Open On-Chip Debugger 0.10.0
Licensed under GNU GPL v2
For bug reports, read
    http://openocd.org/doc/doxygen/bugs.html
Info : The selected transport took over low-level target control. The results might differ compared to plain JTAG/SWD
adapter speed: 1000 kHz
Info : Unable to match requested speed 1000 kHz, using 950 kHz
Info : Unable to match requested speed 1000 kHz, using 950 kHz
Info : clock speed 950 kHz
Info : STLINK v2 JTAG v17 API v2 SWIM v4 VID 0x0483 PID 0x3748
Info : using stlink api v2
Info : Target voltage: 3.211556
Error: init mode failed (unable to connect to the target)
in procedure 'init' 
in procedure 'ocd_bouncer'

In a desperate attempt involving lots of continuity checking and misinterpreting the results, I left the FET pads unconnected. Strapping the programmer to the board in this state (no FET, no bridge, nothing) allowed OpenOCD to connect, or at least that's what I thought. When I tried flashing it, it failed.

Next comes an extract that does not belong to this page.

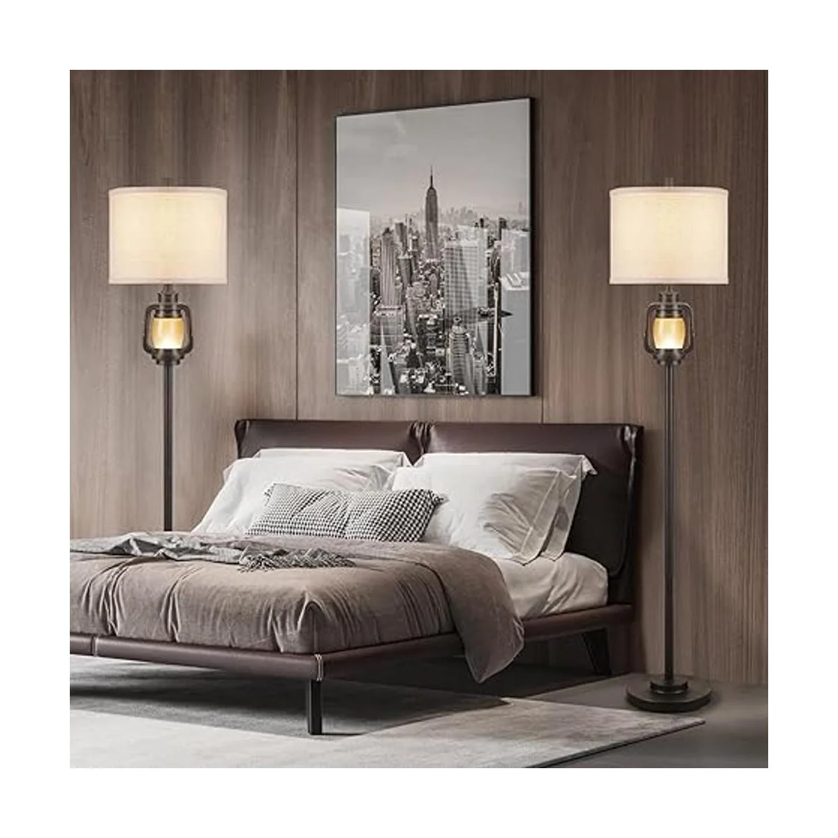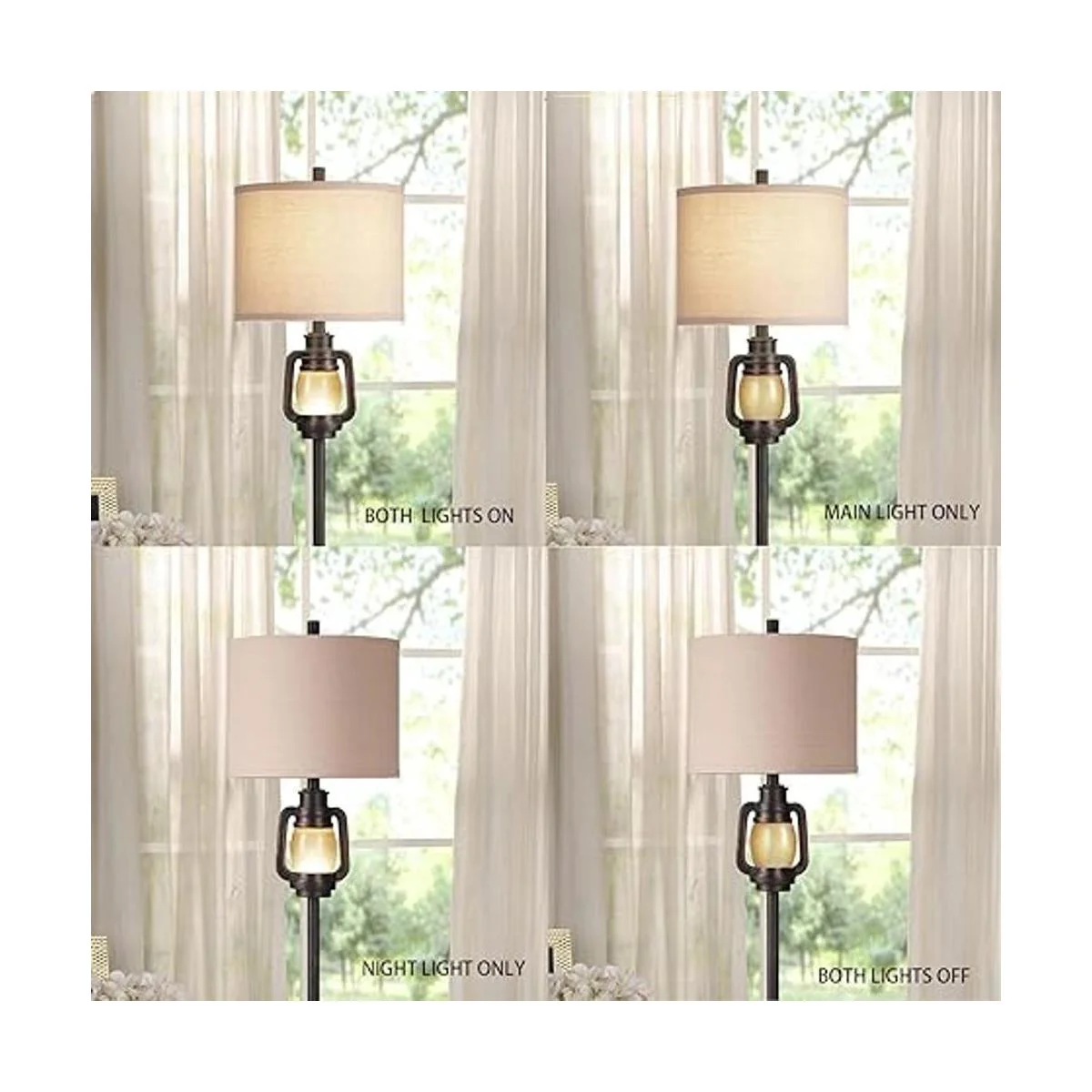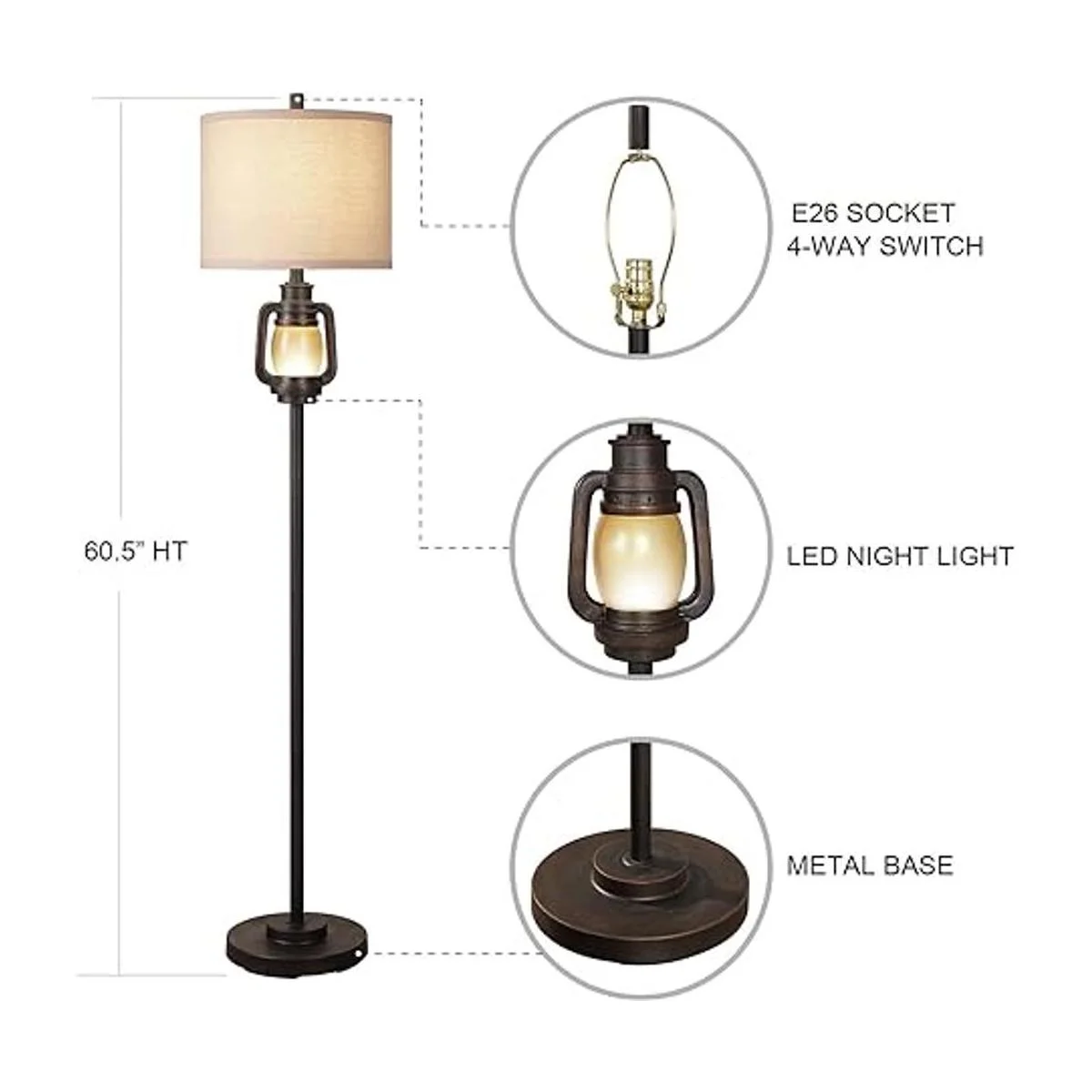 LuxSight Collection Lámpara de pie de farol con luz nocturna, acabado de bronce oscuro, tela de lino, decoración de sombra dura para sala de estar, lectura, casa, dormitorio, oficina en casa

Open On-Chip Debugger 0.10.0
Licensed under GNU GPL v2
For bug reports, read
    http://openocd.org/doc/doxygen/bugs.html
Info : The selected transport took over low-level target control. The results might differ compared to plain JTAG/SWD
adapter speed: 1000 kHz
Info : Unable to match requested speed 1000 kHz, using 950 kHz
Info : Unable to match requested speed 1000 kHz, using 950 kHz
Info : clock speed 950 kHz
Info : STLINK v2 JTAG v17 API v2 SWIM v4 VID 0x0483 PID 0x3748
Info : using stlink api v2
Info : Target voltage: 3.200525
Info : nrf51.cpu: hardware has 4 breakpoints, 2 watchpoints
Info : accepting 'telnet' connection on tcp/4444
target halted due to debug-request, current mode: Thread 
xPSR: 0xc1000000 pc: 0xfffffffe msp: 0xfffffffc
Warn : Unknown device (HWID 0x000000d1)
Error: Failed to enable read-only operation
Error: Failed to erase reg: 0x4001e508 val: 0x00000000
Error: Failed to erase sector @ 0x00000000
Error: Failed to write to nrf51 flash
Error: error writing to flash at address 0x00000000 at offset 0x00000000

Info : dropped 'telnet' connection
Error: jtag status contains invalid mode value - communication failure
Polling target nrf51.cpu failed, trying to reexamine
Examination failed, GDB will be halted. Polling again in 100ms
Info : Previous state query failed, trying to reconnect
Polling target nrf51.cpu failed, trying to reexamine
Info : nrf51.cpu: hardware has 4 breakpoints, 2 watchpoints

As a sanity check, I soldered the same chip to a spare mitosis receiver board and tried programming it there. That completed successfully. So the chips aren't bad. It must be something about the boards or how I soldered them.

image

bezmi commented 5 years ago

no FET, no bridge, nothing

In this case there is no path to ground and there should be no continuity between the NRF51 GND pin and the GND pin on the programming header. I am surprised you managed to power up and connect to the NRF module in this state. Can you please check continuity between the GND pin on the header and the GND pin of the NRF51 (without the programmer connected)?

Other than that, there should be nothing wrong with PCB, especially when you short out the GND and GND_P pads on the "top" side of the board (NRF module is on the bottom).